St. Patrick’s Day is everyone’s favorite holiday to wear green, drink beer, and justifiably pinch that annoying person in the office who always takes your favorite coffee mug.
But did you know that many of the traditions we associate with St. Patrick’s Day actually started in the U.S.? Or that many important technological advancements were developed by Irish inventors?
Read on for some fun facts about the Emerald Isle and the one day each year that we all lift a glass to it. Sláinte!
Fun Facts About The Emerald Isle
- Halloween actually derives from the ancient Celtic festival of Samhain, a harvest festival at the end of summer. It was believed that the boundary between the world of the living and the world of the dead opened this one night of the year, so people would light bonfires and wear costumes to drive away the spirits. Eventually, when Ireland adopted Christianity, the festival merged with All Saints Day.

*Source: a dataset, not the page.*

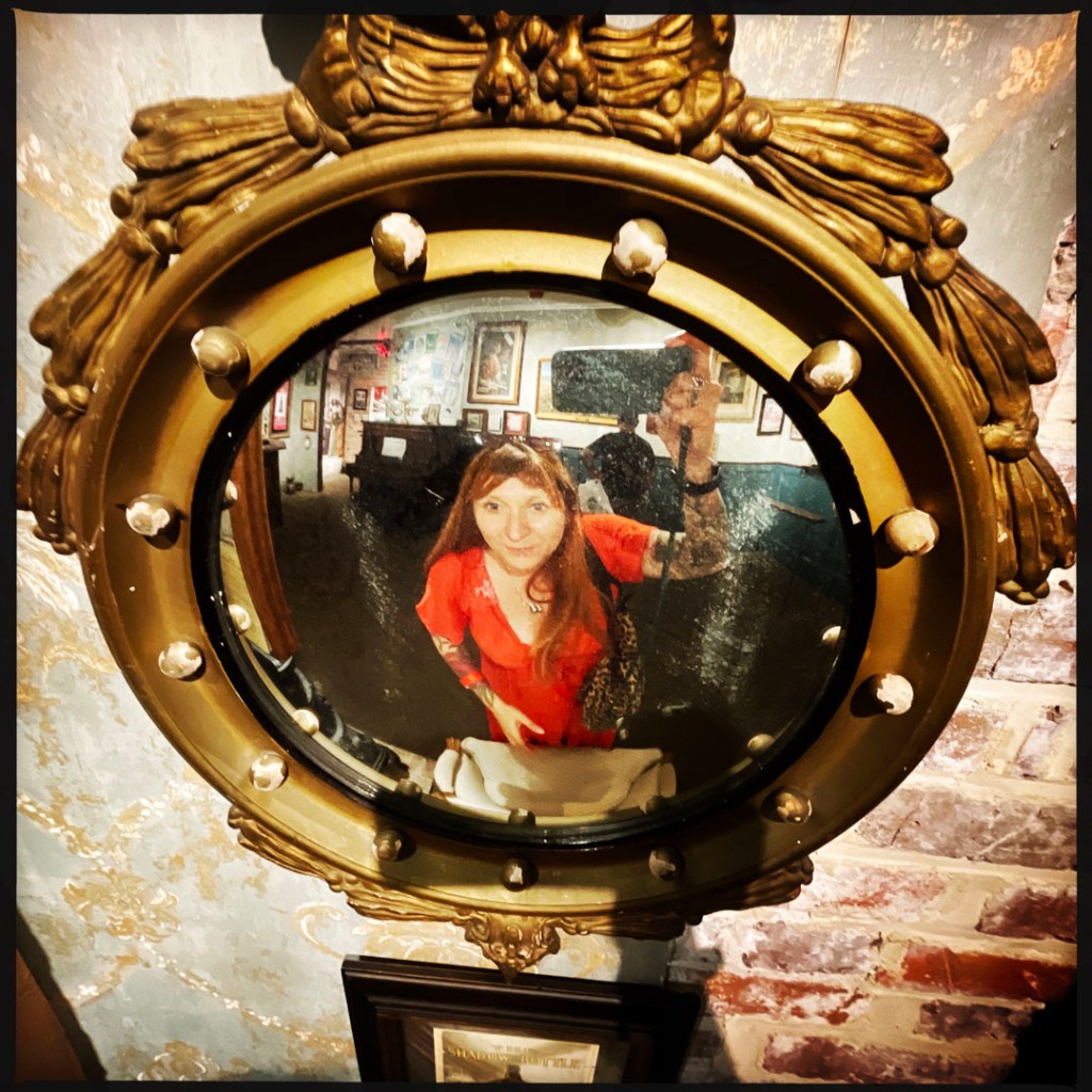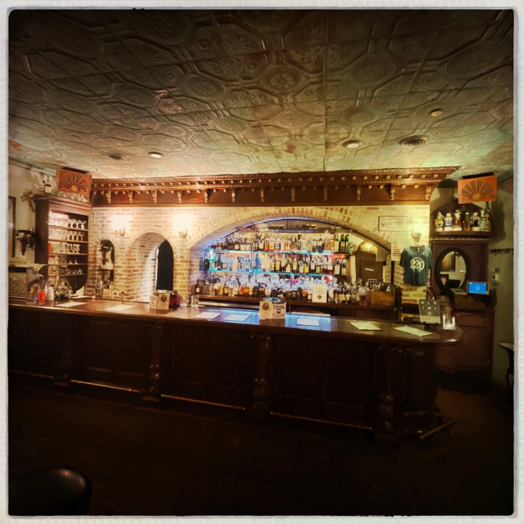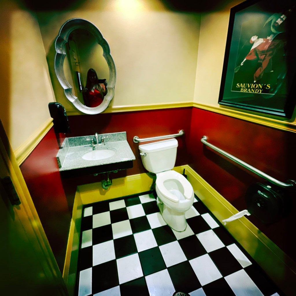 Un cocktail est inclu dans la visite (parce que j’ai payé à l’entrée, c’est pas magique non plus). On peut choisir parmi des cocktails de l’époque. Je dis que je veux bien du gin merci beaucoup monsieur. Je prends un « Aviation » et Manu un « French 75 ». C’est super super bon. Et surtout, dans le mien, y’a une petite cerise. Je me dis que. ça va être naze comme un fruit confit. Je croque dedans du bout des lèvres. Oh bon sang. C’est comme un bonbon bon. Je vais demander au barman ce que c’est. des cerises Maraschino, c’est italien. C’est génial, il m’en faut mille boites pour tout mes futurs gin tonic.
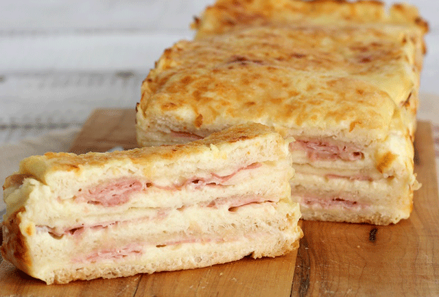 Une version bien pratique du croque-monsieur décliné en Croque cake ! Un peu comme une terrine que l’on emporte en pique-nique, facile pour un

- Newgrange is an ancient tomb in County Meath, Ireland that dates back 5,200 years. It actually predates the Great Pyramids of Giza and Stonehenge. Archaeologists believe it was an ancient temple for astrological, spiritual, religious, and ceremonial importance.

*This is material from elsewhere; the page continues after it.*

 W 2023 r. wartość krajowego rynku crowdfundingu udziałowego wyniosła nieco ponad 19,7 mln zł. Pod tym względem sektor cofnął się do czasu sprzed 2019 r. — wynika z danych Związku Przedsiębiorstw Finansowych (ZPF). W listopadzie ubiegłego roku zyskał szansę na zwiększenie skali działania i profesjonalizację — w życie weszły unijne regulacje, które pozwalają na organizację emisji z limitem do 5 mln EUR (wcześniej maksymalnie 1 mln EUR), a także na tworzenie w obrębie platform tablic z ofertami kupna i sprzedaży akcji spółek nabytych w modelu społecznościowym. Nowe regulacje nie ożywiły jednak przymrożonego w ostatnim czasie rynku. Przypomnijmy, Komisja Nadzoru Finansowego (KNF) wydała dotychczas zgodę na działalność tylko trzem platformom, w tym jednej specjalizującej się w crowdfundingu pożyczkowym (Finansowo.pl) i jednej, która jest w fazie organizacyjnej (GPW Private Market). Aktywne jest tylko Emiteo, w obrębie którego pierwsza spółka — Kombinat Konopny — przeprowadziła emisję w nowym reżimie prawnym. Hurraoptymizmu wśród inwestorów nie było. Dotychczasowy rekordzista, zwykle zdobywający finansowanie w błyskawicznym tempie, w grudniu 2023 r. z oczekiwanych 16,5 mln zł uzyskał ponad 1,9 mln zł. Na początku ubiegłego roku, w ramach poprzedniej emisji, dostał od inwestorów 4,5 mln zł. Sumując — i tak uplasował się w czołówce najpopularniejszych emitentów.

- The island of Ireland is actually divided into two countries. Northern Ireland is part of the United Kingdom, while the Republic of Ireland is an independent nation. The Government of Ireland Act 1920 officially split the two as of May 3, 1921.
- Visitors to Ireland are often surprised to find that Guinness Beer brewed there tastes differently than the Guinness brewed in their home country. This is because the water used to make the beer in Ireland has different minerals (and different quantities of minerals) than the water used in other countries and these minerals help flavor the beer. Other factors that affect the flavor are the ambiance of drinking the beer in an actual Irish pub, as well as the freshness of the beer before and after it has been stored.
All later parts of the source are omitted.